Paul Bowles – The American writer who brings us Morocco
Have you encountered the work of Paul Bowles? This American writer, composer, and inveterate traveler is the perfect guide to the soul of Morocco. Let his words transport you to its sun-drenched lands while you await your next journey.
The relationship between Paul Bowles and Morocco represents a profound mutual fulfillment in 20th-century literary history. In 1947, acting on a suggestion from writer Gertrude Stein, Bowles first visited Tangier—an experience that struck him with the force of a revelation, an “illumination” as he described it. For the next half century, he made Tangier his permanent home, transforming it from a geographical destination into the central core of his creative work and spiritual muse.
Who was Paul Bowles
Paul Bowles was born in Queens, New York, and studied at the University of Virginia, as well as studied music in Europe. Before being a professional writer, Bowles was a sought-after composer on Broadway. Was thanks to the phonograph bought by his father who developed the taste for music from the age of eight, when he began to receive lessons. Among his most prominent works are compositions for theater and piano sonatas. He also worked as a music critic.
During his youth, in the 1920s and 1930s, he traveled to places like Paris, Morocco, Berlin, Guatemala, Mexico, India. But after World War II, Bowles abandoned everything and settled with his wife, Jane Bowles, also a writer, in Tangier. Although he lived 52 years in Morocco, he died in 1999, and was buried in Lakemont, New York. He became an adventurous soul traveler who charmed and even today charms with his incredible writings.
Bowles has many works completed. Among his best-known works is The Sheltering Sky, adapted to the cinema by Bernardo Bertolucci. He was a complex and eclectic artist, who wrote novels, short stories, poems and travel books, having translated Moroccan authors and transcriptions of traditional Moroccan short stories that were collected orally, and composed several pieces for orchestra, piano and voice.
Bowles was fascinated by the Arab world. Her crude, sensual, sober and attentive nature in describing Morocco or Algeria, retains a charm and power. Earlier, Bowles was known only for his nomadic life, his extravagances – he bought an island, settled in Morocco, was bisexual – and his deep knowledge of Arab culture. But now, he is considered by some to be one of the last truly free artists, for his constant search to free himself from customary moorings. In his independence, Bowles was always willing to chart his own way and defended his right to make choices.
Bowles’s relationship with Morocco
“It was then that I felt an irrational and powerful desire to be in Tangier,” reports Paul Bowles in the preface to “Let the Rain Fall”.
“Like a photograph, this story is a document relating to a certain place, at a certain moment in time, illuminated by its own light. “
As a frequent traveler, Paul Bowles used to talk about the cultures and characteristics that define each country. For the writer it was very important that each country preserved its culture, adhering to some modernity along the way, but without losing its unique elements, that is, what differentiated it. In his writings, are collected short stories that talk about the landscapes of North Africa and the tradition of its peoples.

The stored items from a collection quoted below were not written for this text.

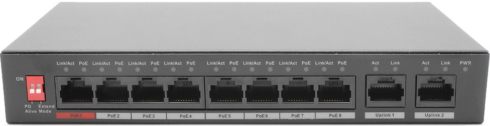 Avoiding data stream choke points between IP cameras & the NVR means smoother streaming and the capacity to dependably use greater resolution cameras with higher streaming rates. While the 8 10/100 Mbps (PoE) camera ports can assure solid camera-to-switch rates, to speed the rest of the route to the network & back to the NVR, the new PWR-POE-8-V3 has dual 10/100/1000 Mbps uplink ports to double thruput. Both ports can also be set by DIP switch to an extended mode for greater range (but at a lower speed) when needed.
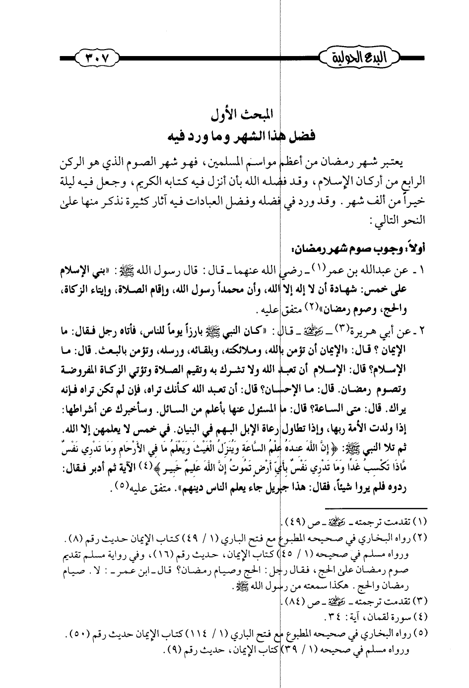 (¬1) - رواه البخاري في صحيحه المطبوع مع فتح الباري (1/49) ، كتاب الإيمان، حديث رقم (8) . ورواه مسلم في صحيحه (1/45) ، كتاب الإيمان، حديث رقم (16) . وفي رواية مسلم تقديم صوم رمضان على الحج، فقال رجل: الحج وصيام رمضان؟ قال - ابن عمر -: لا. صيام رمضان والحج هكذا سمعته من رسول الله صلى الله عليه وسلم
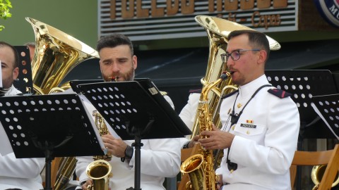 Roteños y visitantes han escuchado algunas de las piezas ofrecidas por esta formación musical de la Armada española, que ha elegido para la ocasión un variado repertorio de canciones de distintos estilos que ha llenado de música la mañana de este sábado soleado en el que las buenas temperaturas se han dejado notar, pese a los toldos colocados para tener algo de sombra.
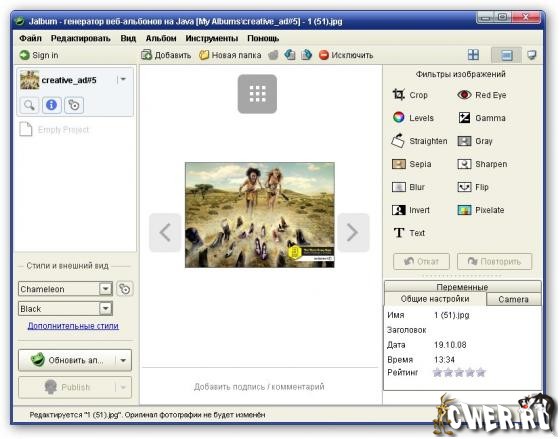Jalbum - программа для автоматического создания веб-галерей. Для этого достаточно мышкой перетащить в окно программы папку с картинками, и она сгенерирует галерею с уменьшенными копиями изображений (или Slide-Show вариант). Впрочем, возможен и ручной режим работы с полным контролем над создаваемым проектом, в том числе с использованием имеющихся фильтров изображений, настройкой стилей, использованием данных IPTC/EXIF и т.п.
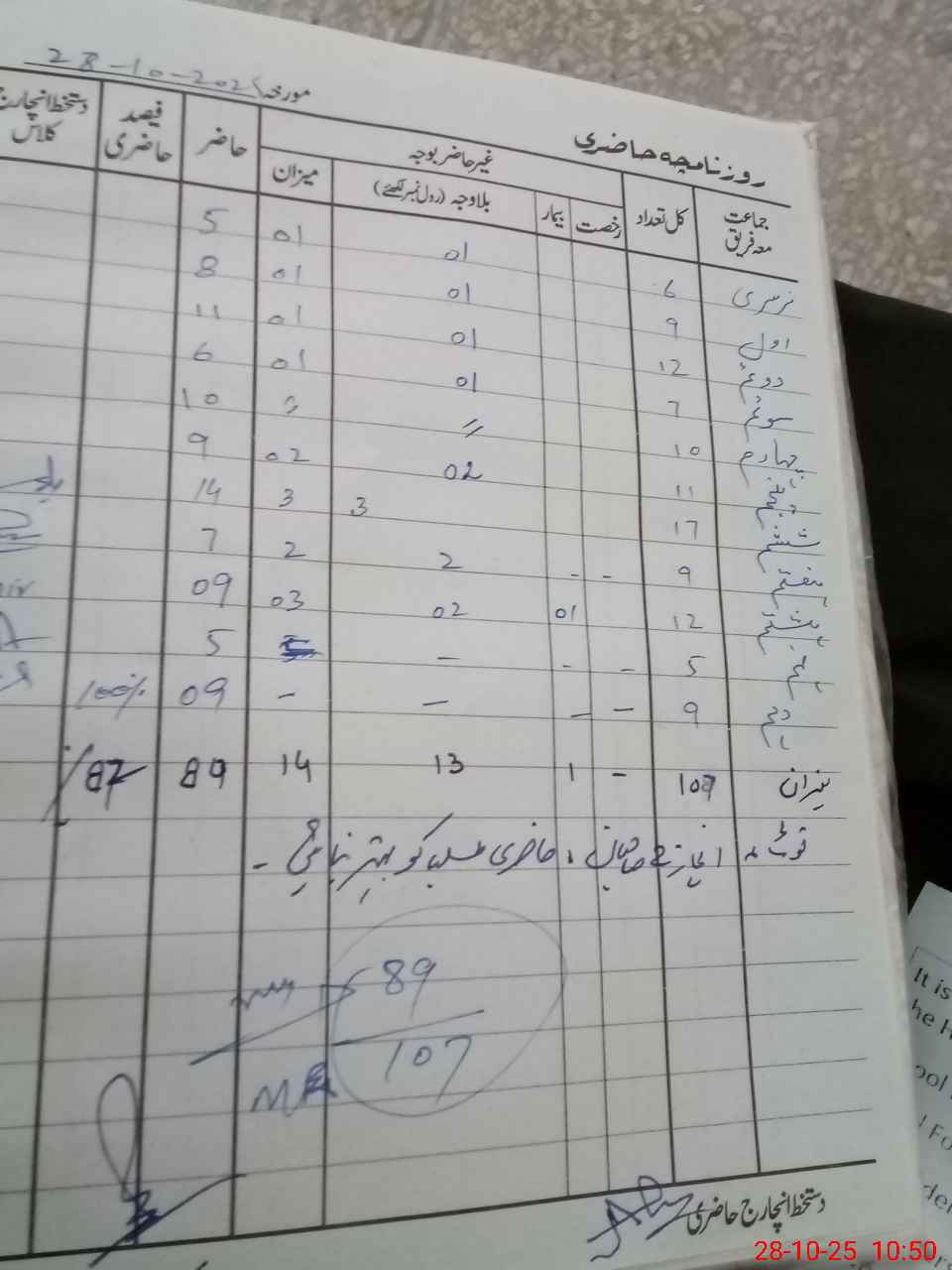 | Total Students Present | 0 | 0 | 5 | 8 | 11 | 6 | 10 | 9 | 14 | 7 | 9 | 5 | 5 | 89 | ||
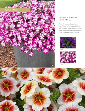 WESTHOFF FLOWER SHOWER PETUNIA (A) Flower Shower petunias perform beautifully in baskets and garden beds with mounding-trailing plants covered in bright blooms. Two new colors bring the Flower Shower series up to 10 colors. Blue B Ringo Star A B
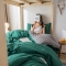 蓝巢家纺 全棉水洗棉学生季三件套 墨绿浅灰
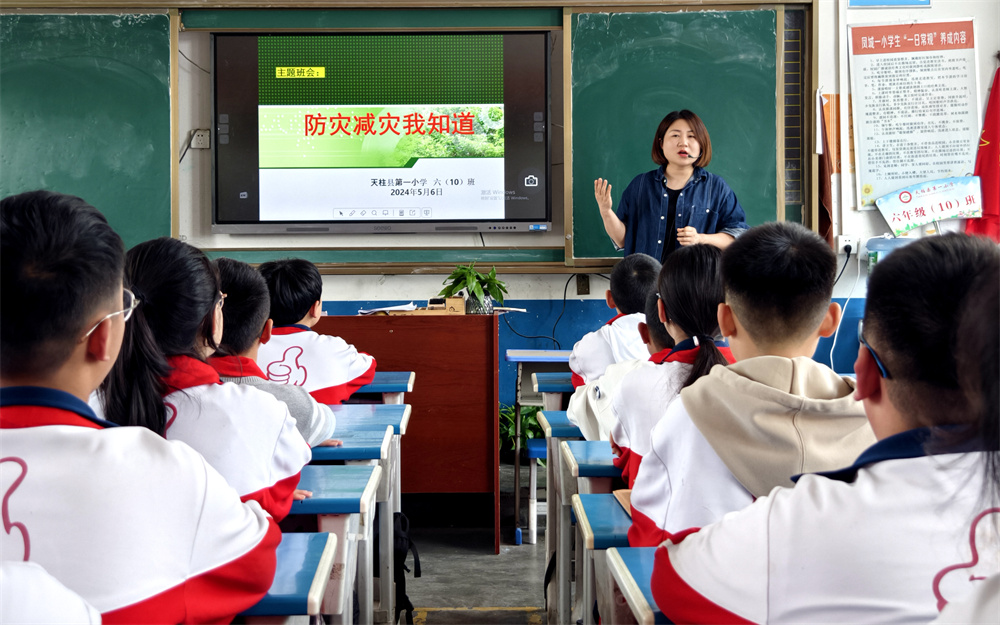 天柱县第一小学班主任向学生讲授防灾减灾知识
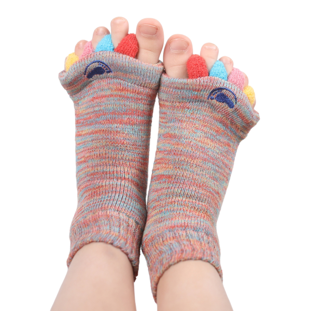 Dětské Adjustační ponožky® KIDS slouží jako terapeutická pomůcka pro uvolnění spasticity nohy při DMO, pro stísněné a křivé prsty a jiné deformity nohou. Používají se především jako doplněk aktivního cvičení a fyzioterapie. Díky speciálním meziprstním oddělovačům se zrychluje krevní oběh a tím se urychluje i regenerace nohou. Adjustační ponožky pomáhají tím, že udržují nohy a prsty mobilní, ohebné, a tím méně bolestivé. Dětské Adjustační ponožky jsou vyrobeny z jemné bavlny s příměsí polyesteru a elastanu. Mají volnější lem a otevřenou přední část se čtyřmi oddělovači prstů vyrobenými ze stejného materiálu jako celé ponožky. Tyto oddělovače vyvíjejí jemný tlak na prsty u nohou, aby vyrovnaly prsty s chodidlem. Oddělovače jsou vyráběné ručně a a jejich výroba je přísně kontrolována, protože pro dosažení maximálního efektu ponožek je velmi důležité dodržení jejich správné délky a šířky. Adjustační ponožky uvolňují stres a napětí v nohách, pomáhají správně sladit prsty, snižují tření a podráždění, zmírňují bolesti nohou, zlepšují krevní oběh, dodávají nohám a prstům novou energii. S nošením ponožek u dětí začínejte velmi pomalu, vždy pod dohledem dospělého.
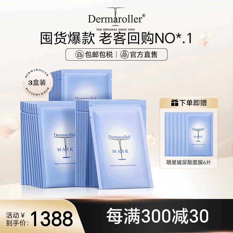 Dermaroller德国进口院线玻尿酸精华面膜补水保湿修护晒后急救舒缓维稳 10片*3盒装
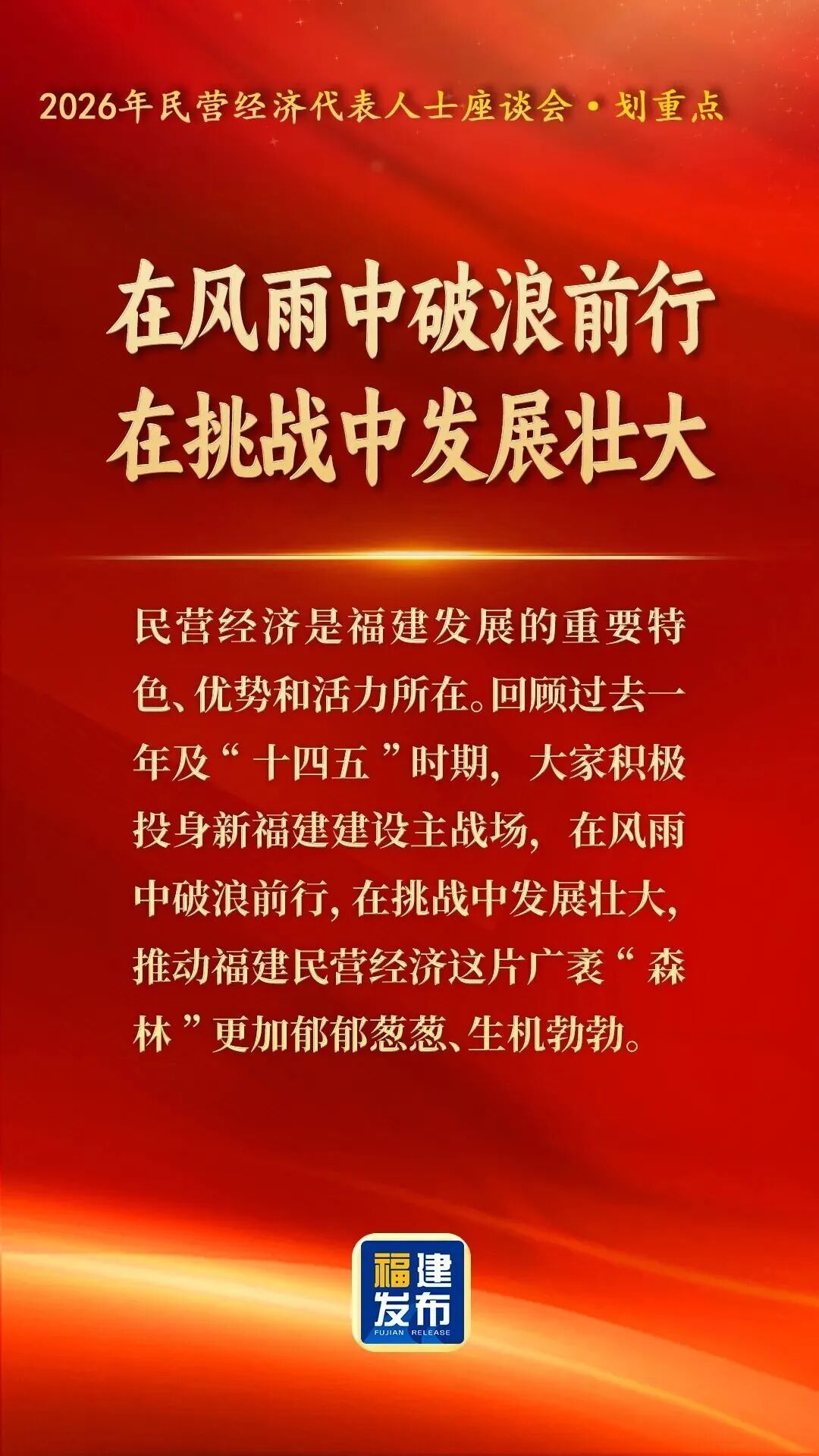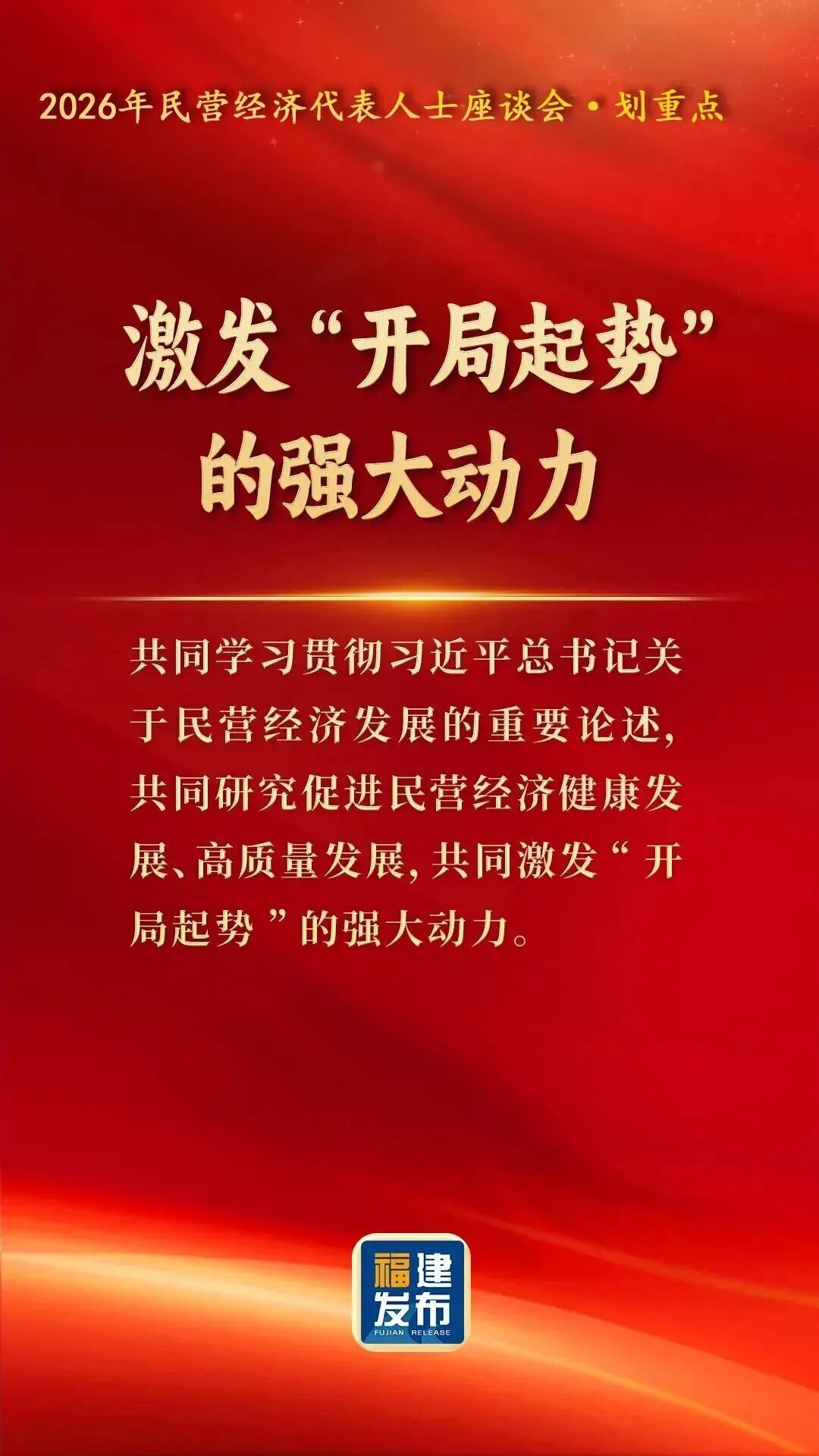 丙午马年开假第一天,2月24日,省委、省政府连续第六年以“新春第一会”形式,在福州召开民营经济代表人士座谈会。会上,省领导与民营企业家共同学习贯彻习近平总书记关于民营经济发展的重要论述,研究促进民营经济健康发展、高质量发展,激发“开局起势”的强大动力,以旗帜鲜明的态度、真真切切的尊重和实实在在的举措,鼓励和支持全省广大民营企业和民营企业家坚定信心、振奋精神、奋勇争先,为实现“十五五”良好开局、奋力谱写新征程新福建建设新篇章作出新的贡献。省委书记、省人大常委会主任周祖翼出席并讲话,省委副书记、省长赵龙主持。省政协主席滕佳材,省委副书记、福州市委书记郭宁宁出席。 让我们通过一组海报 速览会议要点 ↓↓↓
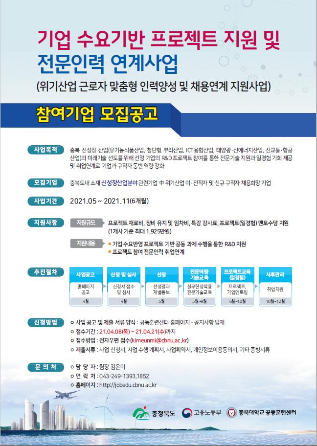 [충북넷=이규영 기자] 충북대학교(총장 김수갑) 공동훈련센터가 오는 21일까지 ‘위기산업 근로자 맞춤형 전문인력양성 및 채용연계 지원사업’에 참여할 5개사를 모집한다고 14일 밝혔다.
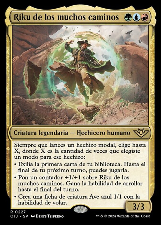 | Rules | Whenever you cast a modal spell, choose up to X, where X is the number of times you chose a mode for that spell — • Exile the top card of your library. Until the end of your next turn, you may play it. • Put a +1/+1 counter on Riku of Many Paths. It gains trample until end of turn. • Create a 1/1 blue Bird creature token with flying. |
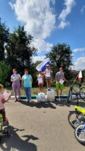 В заключение состоялось награждение победителей велостартов, которыми стали: Миронова Мария – 1 место, Миронова Анастасия -2 место, Голушко Семён – 3 место. Приз зрительский симпатий завоевали самые маленькие участники соревнований – Вислогузова Аня и Довбня Георгий, которые получили от ЦКР мягкие игрушки.
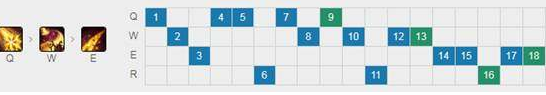 在去年W技能伤害砍了一半后,乐芙兰现在不再主W技能,而是改为主Q技能,Q技能可以将对被恶意魔印标记的目标进行弹射。而W技能则是可以一次性标记众多小兵,让Q技能的弹射可以发挥到极致,因此选择副W技能。E技能对线期间通常只有消耗时才用,前期一段伤害较低,不适合用来补刀,加一级就足够了。
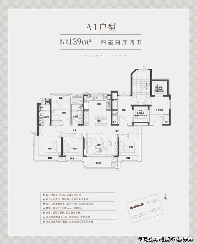 建面约139㎡4房户型,套数不多,但产品力绝对惊艳。四开间朝南,约15.05米宽的南向横厅、约1.6米进深的奢阔阳台,中环顶级享受的既视感。主卧约4.45米的进深,约4米大面宽(含飘窗),中环铂樾售楼处电话:400-8824-258

He went to Algeria and Morocco several times, and the account of his experiences in the autobiography is as hilarious as surprising. He is still one of the authors associated with Tangier, who contributes more to give it the character of a literary city. Among his many trips, Tangier was marked. He visited the city with friends and then with the first woman. But it was with Jane Auer, from her second marriage that was earned in 1938, that she moved permanently to live in Tangier in 1947.
In his works, Paul Bowles does much the introspection that approaches the Moroccan culture. Many of his books are important reflections on the tradition of Morocco from the perspective of someone from outside but who lived there for much of his life.
A little about his works
Bowles used to be more interested in people and environments than in museums or monuments. He used, in his descriptions, his sharp observation power and the humor that characterized him, even in his own idiosyncrasies. There are frequent descriptions of personalities such as Gertrude Stein, the first person to encourage him to move to Morocco, and the countless eccentrics who visited him in his beloved Tangier.
His stories are scented with foreign words – which accentuate the exoticist of the worlds he uses as scenery. It uses protagonists who lose balance, control, reason, with conflicting feelings. Storms are caused by small gestures, which engulf us in the narrative and take us away.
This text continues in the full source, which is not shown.